Start of Block

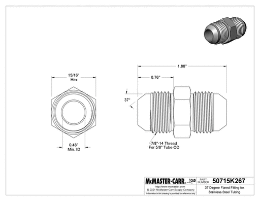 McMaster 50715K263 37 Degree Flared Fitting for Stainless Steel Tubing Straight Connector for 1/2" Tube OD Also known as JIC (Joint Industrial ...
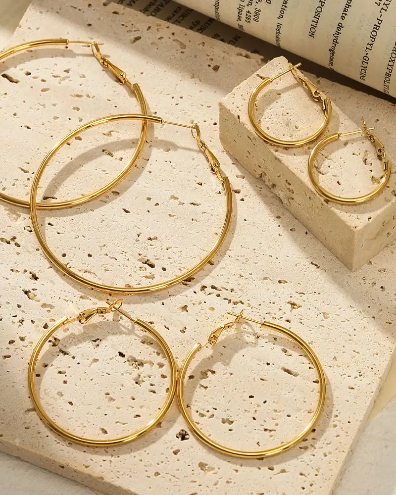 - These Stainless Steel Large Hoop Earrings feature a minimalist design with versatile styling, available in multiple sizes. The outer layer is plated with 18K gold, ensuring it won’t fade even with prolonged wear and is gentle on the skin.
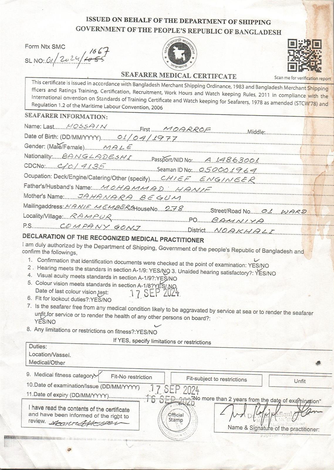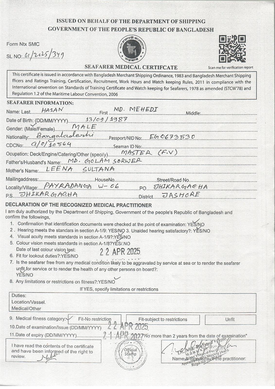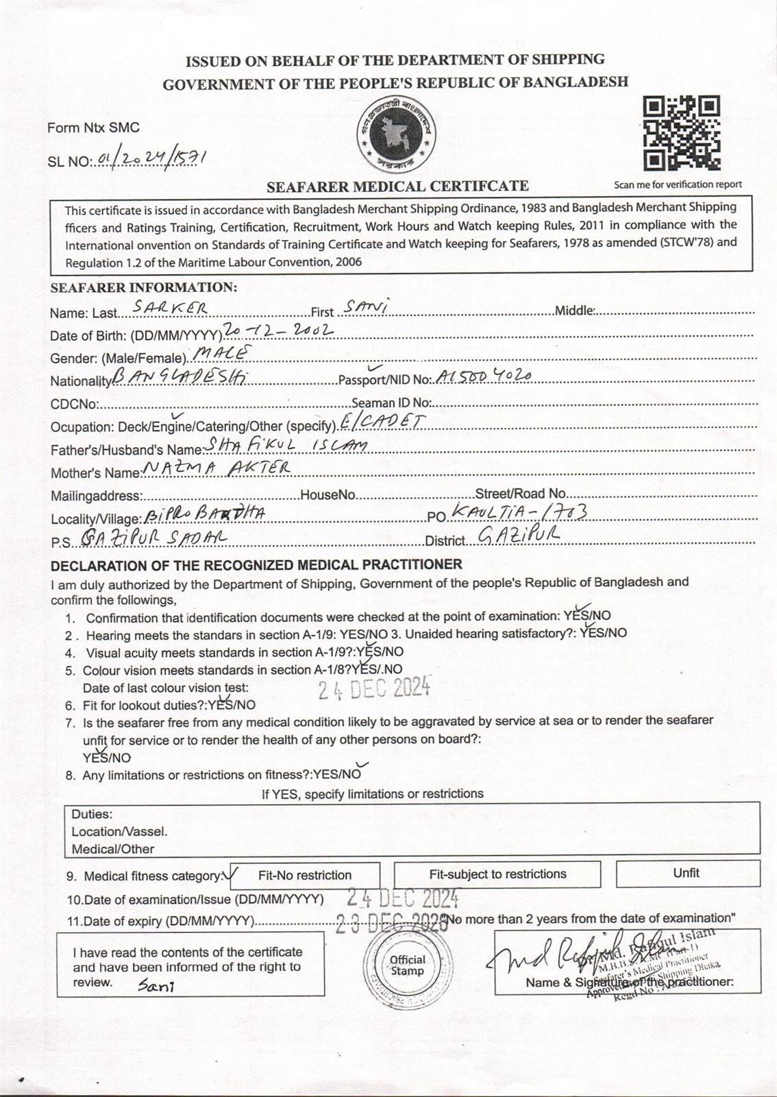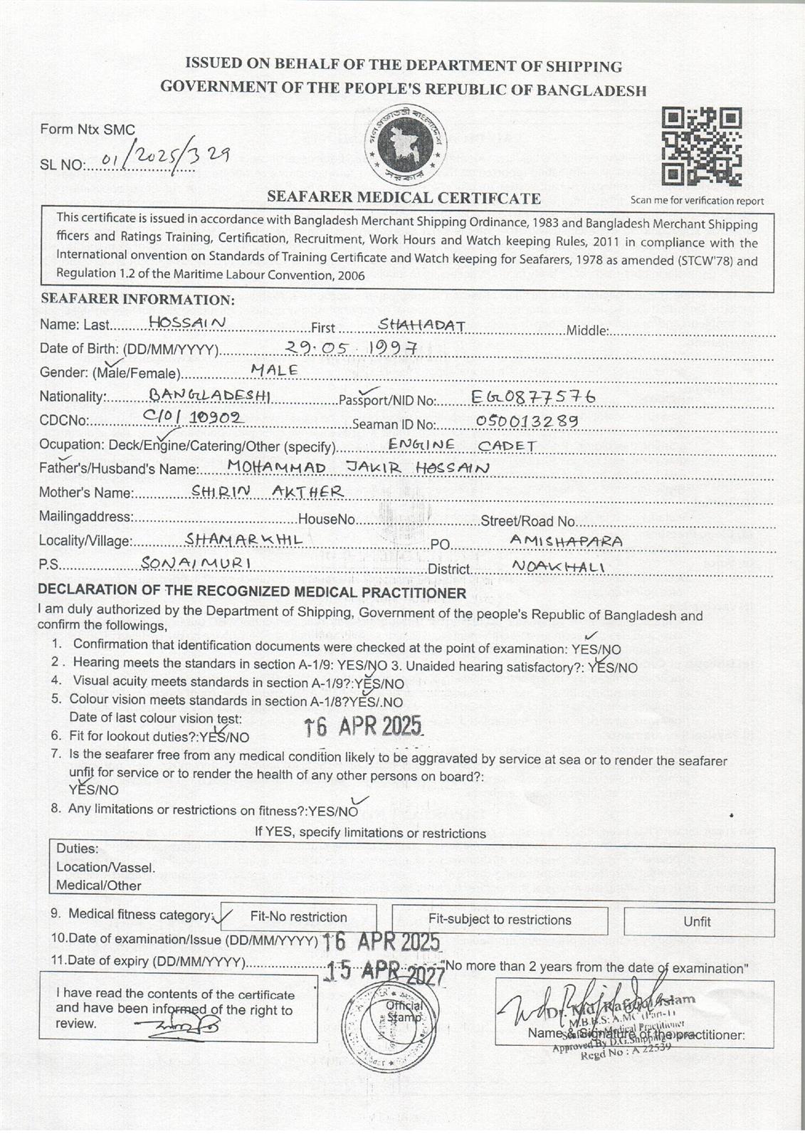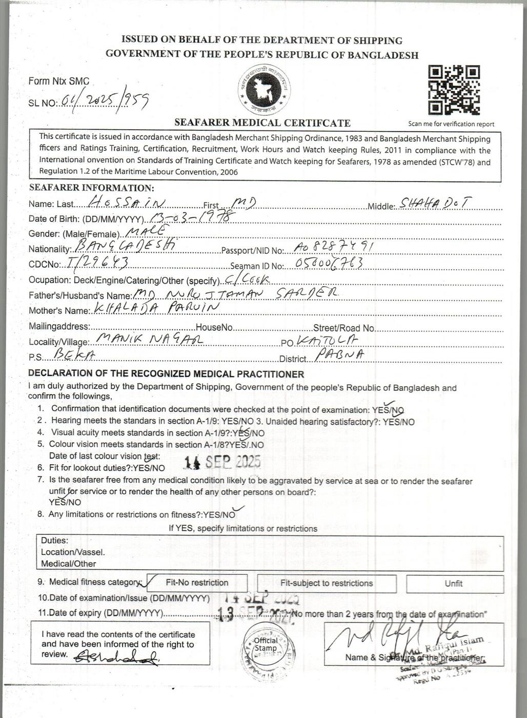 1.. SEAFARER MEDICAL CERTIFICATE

End of Block
Start of Block

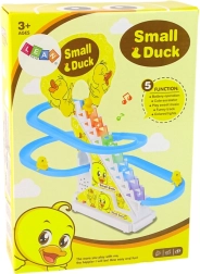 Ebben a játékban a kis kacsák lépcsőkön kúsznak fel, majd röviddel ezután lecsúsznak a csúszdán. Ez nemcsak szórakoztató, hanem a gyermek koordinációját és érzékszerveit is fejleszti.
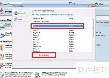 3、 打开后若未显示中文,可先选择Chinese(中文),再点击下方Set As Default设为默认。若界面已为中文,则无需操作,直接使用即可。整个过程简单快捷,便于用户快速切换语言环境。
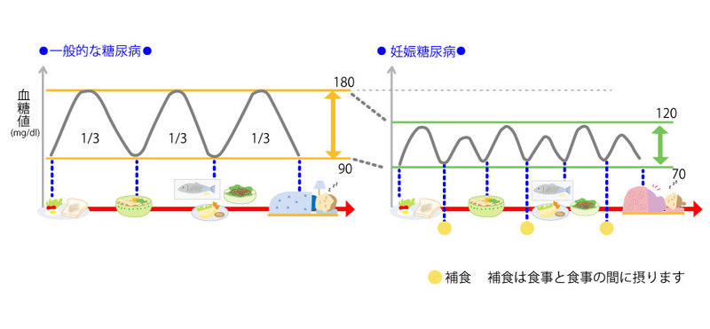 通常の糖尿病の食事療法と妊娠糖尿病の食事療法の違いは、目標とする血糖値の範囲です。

End of Block

### What this task involves
Reproduce the lines above starting at the one with "- These Stainless" and ending at the one with "1.. SEAFARER MEDICAL CERTIFICATE", both included, exactly and with no pictures.

### Answer to this problem
 - These Stainless Steel Large Hoop Earrings feature a minimalist design with versatile styling, available in multiple sizes. The outer layer is plated with 18K gold, ensuring it won’t fade even with prolonged wear and is gentle on the skin.
 1.. SEAFARER MEDICAL CERTIFICATE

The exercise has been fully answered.